Through the translation of the book of Moses, the Prophet also became more acquainted with the redeeming and saving power of the Savior. As the Lord said, this earth was created “by the word of my power” (Moses 1:32) for the purpose of bringing “to pass the immortality and eternal life of man” (Moses 1:39). Many long years before the Savior taught Thomas and the Twelve that “I am the way, the truth, and the life: no man cometh unto the Father, but by me” (John 14:6), He revealed to Moses that “this is the plan of salvation unto all men, through the blood of mine Only Begotten, who shall come in the meridian of time” (Moses 6:62).

The First Vision in the grove, the translation of the Book of Mormon, the revision of the Bible, the revelation of the book of Moses, and the translation of the book of Abraham laid the basic foundation of the Church, largely through the rapidly expanding knowledge and testimony of the Prophet Joseph Smith relating to Jesus Christ.

Revelations given to him and compiled in the Doctrine and Covenants contain a wealth of knowledge concerning the Savior. One could research the numerous topics and cross-references of the Topical Guide and Guide to the Scriptures referring to Jesus Christ and still not understand the breadth of information on the Savior that the Prophet Joseph Smith brought to the world. I am grateful to know that Jesus was “in the beginning with the Father” (D&C 93:21). I am grateful to know that He “suffered these things for [me], that [I] might not suffer if [I] would repent” (D&C 19:16).

My Testimony of What the Prophet Revealed

I am grateful for yet one other thing about the Savior’s ministry that stirs my soul deeply.
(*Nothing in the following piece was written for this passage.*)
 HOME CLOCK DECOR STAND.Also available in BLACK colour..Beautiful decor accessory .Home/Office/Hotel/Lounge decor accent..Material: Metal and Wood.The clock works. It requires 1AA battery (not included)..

From studying the promises of Malachi, Moroni’s initial visit with Joseph, the Savior’s words to the Nephites, and the visit of Elijah in the Kirtland Temple, I learn that God loves His children and has provided a way for each to return to Him. I know of no doctrine more just, no teaching that gives more hope than that of redemption of the dead. I am so grateful for the revelations that teach me that the Savior’s Atonement reaches to those who have lived, loved, served, and hoped for a better day yet never heard of Jesus or had the opportunity to embrace His gospel. This knowledge alone would be sufficient to convert me to the gospel if I knew nothing else at all. Here, at least for me, is the ultimate testimony of Jesus Christ and His atoning sacrifice.
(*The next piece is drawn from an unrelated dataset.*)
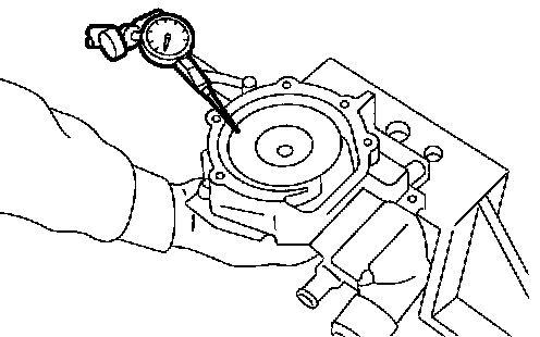 3) Using a dial gauge, measure impeller runout in thrust direction while rotating the pulley.

What, then, can be said of the incomparable saving power of Christ? That which Joseph Smith learned in the Sacred Grove about the power of righteousness overcoming evil foreshadows the final scene. So reveals the Lord:

“I, having accomplished and finished the will of him whose I am, even the Father, concerning me—having done this that I might subdue all things unto myself—

“Retaining all power, even to the destroying of Satan and his works at the end of the world, and the last great day of judgment” (D&C 19:2–3).

Our own testimonies of the Savior are framed by the testimony and teachings of the Prophet Joseph Smith. Is it any wonder then that the Prophet taught that “the fundamental principles of our religion are the testimony of the Apostles and Prophets, concerning Jesus Christ, that He died, was buried, and rose again the third day, and ascended into heaven; and all other things which pertain to our religion are only appendages to it.”6

Joseph Smith’s apostolic testimony of the divine reality and the Resurrection of Jesus Christ, as well as his knowledge of the redemptive and saving power of the Savior, can best be seen by the Prophet’s own beautiful, powerful, and succinct witness:

“And now, after the many testimonies which have been given of him, this is the testimony, last of all, which we give of him: That he lives!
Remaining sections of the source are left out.